Personal information
- Born: 9 October 1938 Cluj, Romania
- Died: 5 January 2022 (aged 83) Bârzava, Romania

Fencing career
- Sport: Fencing
- Weapon: Foil
- Hand: right-handed
- National coach: Andrei Vâlcea
- Club: CSA Steaua

Medal record
Women's Foil
Representing Romania
Olympic Games
| Silver medal – second place | 1956 Melbourne | Individual |
| Bronze medal – third place | 1968 Mexico | Team |
| Bronze medal – third place | 1972 Munich | Team |
World Championships
| Gold medal – first place | 1962 Buenos Aires | Individual |
| Gold medal – first place | 1969 Havana | Team |
| Silver medal – second place | 1965 Paris | Individual |
| Silver medal – second place | 1965 Paris | Team |
| Silver medal – second place | 1970 Ankara | Team |
| Bronze medal – third place | 1961 Turin | Team |
| Bronze medal – third place | 1967 Montreal | Team |
| Bronze medal – third place | 1970 Ankara | Individual |
Summer Universiade
| Gold medal – first place | 1961 Sofia | Team |
| Silver medal – second place | 1961 Sofia | Individual |
| Silver medal – second place | 1965 Budapest | Team |

= Olga Szabó-Orbán =

Romanian fencer (1938–2022)

Olga Szabó-Orbán ( Orbán, 9 October 1938 – 5 January 2022) was a Romanian foil fencer, world champion in 1962, and team world champion in 1969. A five-time Olympian, she won an individual silver medal in 1956 and team bronze medals in 1968 and 1972.

==Career==
Orbán was born into a Hungarian minority in Transylvania. She took up fencing at the relatively late age of 14 after her teacher Ecaterina Bartoș led the whole class to the fencing hall, where her husband Tibor was a coach. Her talent became rapidly apparent and she was placed under the responsibility of coach Ludovic Ozoray at club Progresul Cluj. She won in 1954 her first national championship in the junior category, followed in 1955 by a title in the senior category.

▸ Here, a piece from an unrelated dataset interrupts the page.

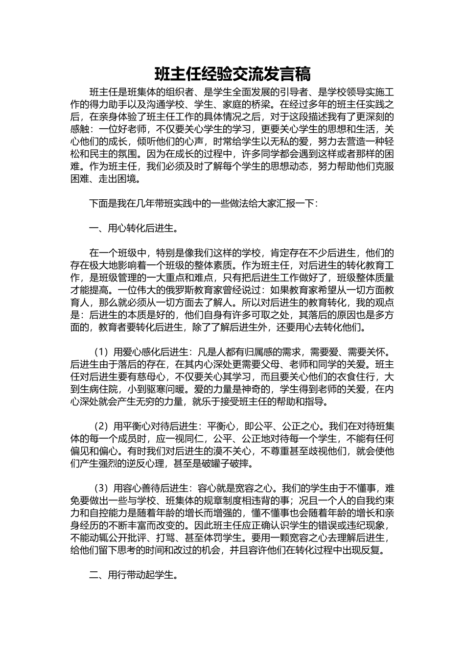 班主任经验交流发言稿班主任是班集体的组织者、是学生全面发展的引导者、是学校领导实施工作的得力助手以及沟通学校、学生、家庭的桥梁。在经过多年的班主任实践之后,在亲身体验了班主任工作的具体情况之后,对...

At the 1956 Olympics she earned a silver medal, the first Olympic medal in fencing for Romania. The gold medal went to Great Britain's Gillian Sheen, whom Orbán had beaten twice during the event. In 1961 Orbán won with Maria Vicol, Ana Pascu and Ecaterina Orb-Lazăr Romania's first medal at the World Fencing Championships with a team bronze medal, followed in 1962 by an individual gold medal.
After retiring from competitions Orbán became a fencing coach at her club CSA Steaua. In 1990 she moved to Hungary with her husband, Olympic water polo player Alexandru Szabó, and later worked at the Budapest Honvéd sport club.

==Personal life and death==
Olga Szabó-Orbán died in January 2022, at the age of 83.